Thursday, November 20, 2008

BBCC Expo, Middle East Peace Orchestra, L'ultimo Pulcinella

(Venice, Italy) I was over at the press conference for the BBCC Expo the other day, which will be held next week at the Verona Fairgrounds on November 27th through 29. The BBCC Expo develops tourism based on cultural heritage, and is supported by governments, foundations and institutions from a variety of nations: Germany, Czech Republic, Holland, Slovenia, Slovak Republic, Poland, Hungary, France, Denmark, Norway, Spain, United Kingdom, Sweden, Switzerland, Austria and Russia. (The countries are in that order on the press release -- I hope I didn't forget anyone:) There will be three days of conferences and information exchange, a prestigious showcase of international products. If the BBCC Expo has any impact on elevating the level of tourism here in Venice, well, I am all for that.

The press conference was in Ca' Corner, which is the headquarters of the Province -- in fact, Davide Zoggia, the President of the Province was one of the speakers. The BBCC Expo is a joint venture between Venice and Verona. The main sponsor is the Casinò di Venezia. The entrance is free, so if you are in the area and interested in international tourism, that is the place to be. For more information (it's in Italian, so use your Google Translator), go here:


Next, Jack Kessler, who discovered Venetian Cat - Venice Blog after someone forwarded him my blog on Jewish Spiritual Music (SEE: http://venetiancat.blogspot.com/2008/06/spiritual-jewish-music-moni-ovadia-and.html) sent over a press release. I know there are some of you who read Venetian Cat up there in Austria and Germany. It's too late for the Austrian concert, but you can still catch the show in Munich on Saturday at:

Samstag, 22.11, 20 Uhr, Carl-Orff-Saal, Gasteig
Middle East Peace Orchestra, USA
A Concert for Peace
The power of art to change the world:

The MIDDLE EAST PEACE ORCHESTRA features Arab and Jewish musicians in concert together to make a powerful statement for peace thru shared music. No speeches--the music is the message! This project exemplifies the potential for creativity between two groups both musically and beyond, and is an important statement in multi-cultural tolerance. This is the only performance group that, in addition to virtuoso instrumentalists capable of playing the music of both traditions, has both Hebrew and Arabic vocal specialists: Hazzan Jack Kessler, one of the premier masters of Jewish spiritual song, and the great Lebanese singer, composer and 'oud master Maurice Chedid.

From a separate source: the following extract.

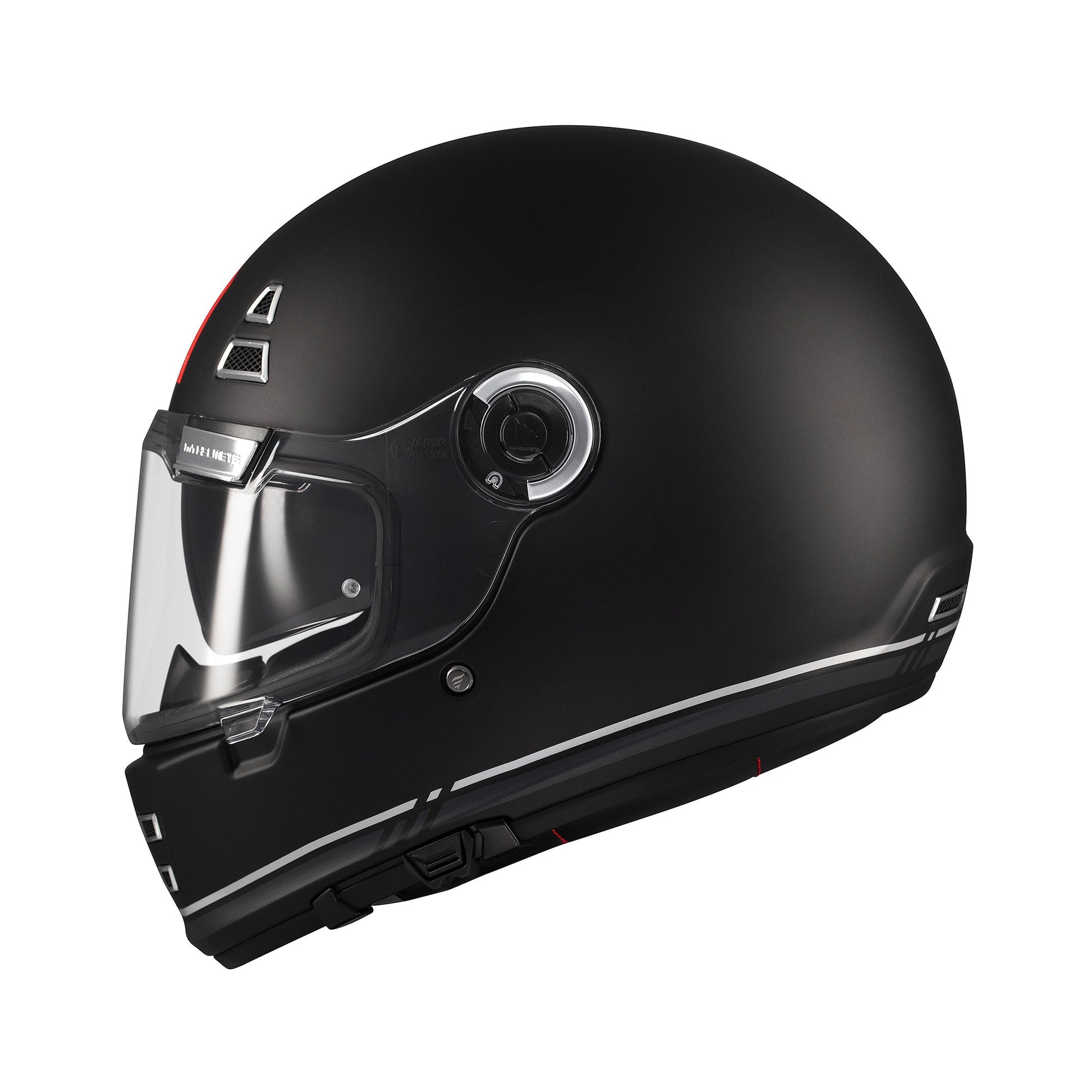 The original, updated. The MT Jarama is a helmet that represents, like no other, the history, tradition and experience in manufacturing that MT Helmets treasures. After more than 50 years protecting motorcyclists, the Jarama returns to the market with a much improved version to pay tribute to the brand that gave it birth. Do you remember the Jarama that you rode your first kilometers on a motorcycle with?Its style harks back to the helmets of the 1980s, but its performance rivals that of any modern full-face helmet. Remarkably safe and comfortable, it features a sun visor for maximum coverage and a universal UCS slot for installing a communication system.Key Features• Shell made of HIRP - High Impact Resistance Polymer, a material that combines the best qualities with respect to the safety-weight ratio• Inner Shell is made of expanded polystyrene of multiple densities for better absorption of impact forces• Micrometric locking with double-tooth retention system for maximum security• Quick-release shield has been designed to emphasise the retro aesthetics combined with the best functionality, incorporating vents to promote internal cooling• Retractable sun visor with a protection level close to 100% thanks to a system designed to attach to the nose deflector • Nasal deflector reduces the generation of mist on the shield• Helmet compatible with Pinlock and Fog-Off anti-fogging systems• Chin covers are included provide excellent aerodynamic protection and reduce noise• Housing for intercom system headset• Available in two shell sizes for head sizes ranging from XS to 2XL• First retro helmet to be homologated under ECE 22.06 regulations• Visor: MT-V-32• Pinlock: DKS479

Also known in North America as ATZILUT:CONCERTS FOR PEACE. the group has an extensive performance history, including the United Nations, the Algarve International Festival, Munich Gasteig, the Royal Opera Theatre of Copenhagen, and a recent tour of France in summer 08.
For more info (and that site is in German, so use your Google Translator:), click: http://www.juedischekulturmuenchen.de/dreiframe.htm

Finally, a couple of nights ago I saw a great film called L'ultimo Pulcinella as part of La Biennale Laboratorio Internazionale del Teatro, or the Theatre segment of La Biennale. The theme this year is Mediterraneo, and there are offerings from all sorts of Mediterranean countries. This film was directed by Maurizio Scaparro, who also happens to be the director of the Theatre Section itself (that is Maurizio Scaparro there on the right at the Rome Film Festival, where L'ultimo Pulcinella premiered). The movie was brilliant. Both Maurizio Scaparro, and the star, Massimo Ranieri (over there on the left), who delivered a perfect performance, spoke before the film, which was originally set to screen at the Malibran Theatre, but in typical Venetian fashion, ended up being shown at the Giorgione Theatre.

I spoke, briefly, with Maurizio Scaparro today at yet another press conference; hopefully I will have some details to share with you about the United States screenings in the near future. It really deserves its own blog, it was that good -- especially since I watched it in Italian and French with Italian subtitles!

The Pulcinella character shows up in many cultures. In America and the UK, we know Pulcinella as "Punch" of Punch & Judy, so the title of the film would translate as "The Last Punch," or "The Final Punch," which is sort of interesting if you think about it.

This is from the program:

"Pulcinella in the banlieue. What do the suburbs of Paris, theatres of social marginalization and violence, have in common with this character from the Neapolitan commedia della'arte? The suburbs of the world talk to one another. They share problems of integration, employment, youth. The theatre can become a metaphor for social redemption."

I can tell you from personal experience that is true. I used to be a Brownie leader for a group of troubled little girls, aged six and seven-years-old. I wrote a play for them, and it was something magical to see. One shy, beautiful little Hispanic girl, whose home was gangland Los Angeles, asked me if she could play the lead -- it really transformed her. It's strange to think that the girls would be in their 20s by now... The Arts -- music, theatre, art, dance, architecture, film -- are a great way to channel energy that can become destructive into something constructive. I have seen many a troubled youth turned around by Art.